Verbal (oral) scripts and record of verbal (oral) consent
The Information Commissioner’s Office’s (ICO) guidance on consent confirms that answering yes to a clear oral consent request is an unambiguous indication of consent by affirmative action.
However, there is also a requirement that organisations must be able to demonstrate that an individual has consented to the processing of their personal data.
Risk and Insurance
It is a requirement that at least an initial assessment of risk be undertaken for all research and if necessary a more detailed risk assessment be carried out. Please contact the Health & Safety Office (firstname.lastname@example.org) for advice on risk assessments and/or how to complete it.
Ethical approval MUST be obtained before any research involving human participants is undertaken. Failure to do so may result in disciplinary procedures being instigated, and you will not be covered by City’s indemnity if you do not have approval in place. It may also result in the degree not being awarded or the data not being published in a peer review journal.
If your research involves any of the following:
- Children under the age of 5 years;
- Clinical trials / intervention testing;
- Over 500 participants (including online surveys);
- Specifically recruiting pregnant women or women in labour; and/or
- Excluding information collected via questionnaires (either paper based or online), any part of the research is taking place outside the UK
you will need to check that City’s insurance will cover your research. You should do this by submitting your application with any accompanying documents to email@example.com before you start collecting data.
The Office for Human Research Protections collates a list annually with listing of over 1,000 laws, regulations, and guidelines on human subjects protections in over 100 countries and from several international organisations; a list is available here.
When organising meetings and interviews both on and off site, think about your personal safety.
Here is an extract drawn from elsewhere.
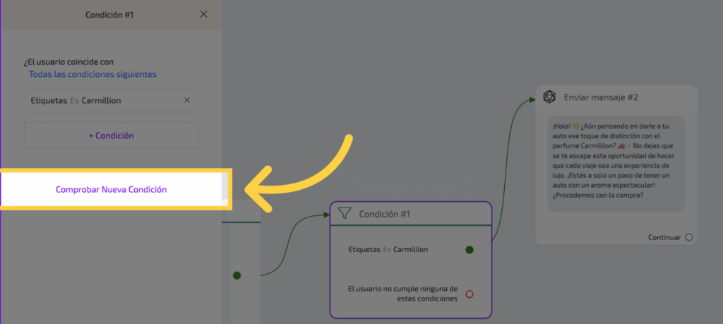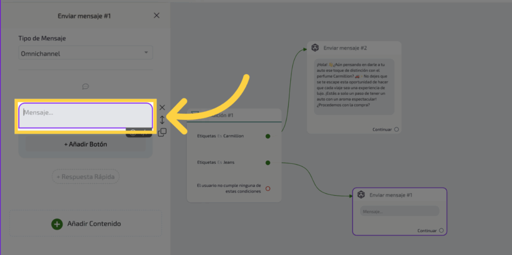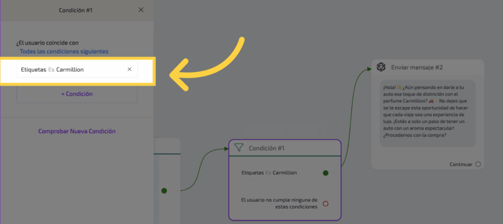 Aquí tenemos que, si la etiqueta es “Carmillion”, se envía el mensaje correspondiente a ese producto. Puedes cambiar la etiqueta haciendo clic en donde dice “etiqueta es”, eliminar la de “Carmillion” y agregar la de tu producto.

Try to conduct these in public places and within office hours as much as possible. If interviewing offsite, go to interviews in pairs, if possible. If not then it becomes essential that you consider personal safety.
If your research will take place in a place or at a time that could potentially put you at risk (e.g. research taking place in a participant homes) you will need to provide information to the research ethics committee reviewing your study about what steps you are taking to ensure your personal safety. It is recommended that you review the institutional lone working procedure and follow the outlined procedure.
Opt-in consent is City’s preferred approach. Opt-out is problematic where no response is assumed as opt-out as this approach does not reflect a conscious decision by those invited to accept or decline an invitation to participate in research. Requests for opt-out consent will only be considered in exceptional cases and a full explanation should be provided.
Opt-out consent will not be approved if consent is the lawful basis for processing personal data/special category data under GDPR.
Please contact the Information Compliance Team at firstname.lastname@example.org before you submit your research ethics application if you propose to use opt out consent, so they can work with you to consider the lawful basis for processing that is appropriate for your research and advise on additional safeguards that protects the rights of the research participants. This is particularly important for any research with children including research conducted in schools and vulnerable adults.
Staff and students undertaking research that involves children or vulnerable adults need to ensure they comply with City’s Safeguarding policy https://www.city.ac.uk/_media/intranet-site/documents/prevent/Safeguarding-at-City-April-2017_FINAL.pdf as well as the relevant legislation. They are also required to obtain a Disclosure and Barring (DBS) enhanced disclosure check. Further guidance on DBS checks is available from Human Resources who will undertake checks for staff.